VHELM (Vision-Language Models)
Holistic Evaluation of Vision-Language Models (VHELM) is an extension of the HELM framework for evaluating Vision-Language Models (VLMs).
VHELM aggregates various datasets to cover one or more of the 9 aspects: visual perception, bias, fairness, knowledge, multilinguality, reasoning, robustness, safety, and toxicity. In doing so, we produce a comprehensive, multi-dimensional view of the capabilities of the VLMs across these important factors.
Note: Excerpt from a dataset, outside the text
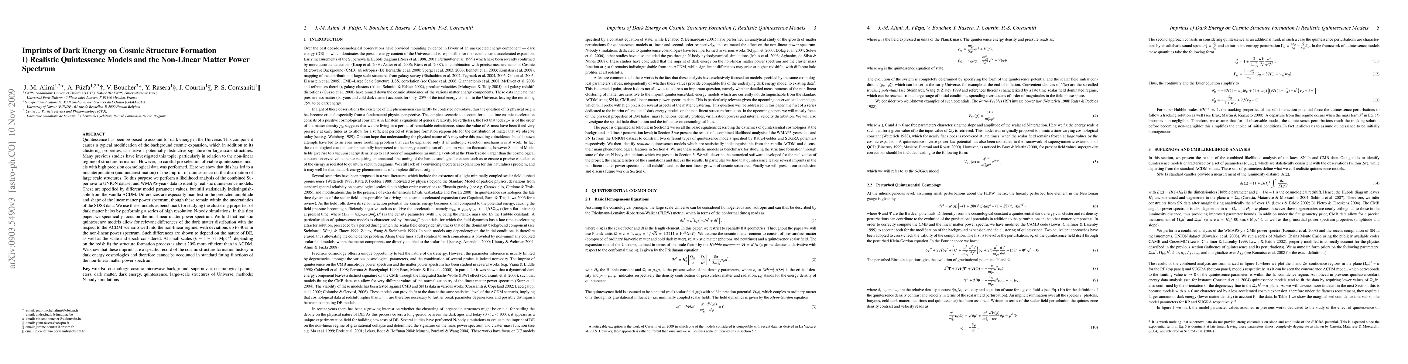 This paper investigates the effects of realistic quintessence models on cosmic structure formation, finding that these models can lead to up to 40% differences in the non-linear matter power spectrum compared to the LambdaCDM model. The study uses high-precision cosmological data and N-body simulations to reveal that quintessence imprints are distinct and cannot be captured by standard fitting functions.

In addition, we standardize the standard inference parameters, methods of prompting, and evaluation metrics to enable fair comparisons across models.
References
- Leaderboard
- Paper (TBD)
Installation
First, follow the installation instructions to install the base HELM Python page.
To install the additional dependencies to run VHELM, run:
pip install "crfm-helm[vlm]"
Quick Start
The following is an example of evaluating openai/gpt-4o-mini-2024-07-18 on 10 instance from the Accounting subset of MMMU.
# Download schema_vhelm.yaml
wget https://raw.githubusercontent.com/stanford-crfm/helm/refs/heads/main/src/helm/benchmark/static/schema_vhelm.yaml
# Run benchmark
helm-run --run-entries mmmu:subject=Accounting,model=openai/gpt-4o-mini-2024-07-18 --suite my-vhelm-suite --max-eval-instances 10
# Summarize benchmark results
helm-summarize --suite my-vhelm-suite --schema-path schema_vhelm.yaml
# Start a web server to display benchmark results
helm-server --suite my-vhelm-suite
Then go to http://localhost:8000/ in your browser.
Reproducing the Leaderboard
To reproduce the entire VHELM leaderboard, refer to the instructions for VHELM on the Reproducing Leaderboards documentation.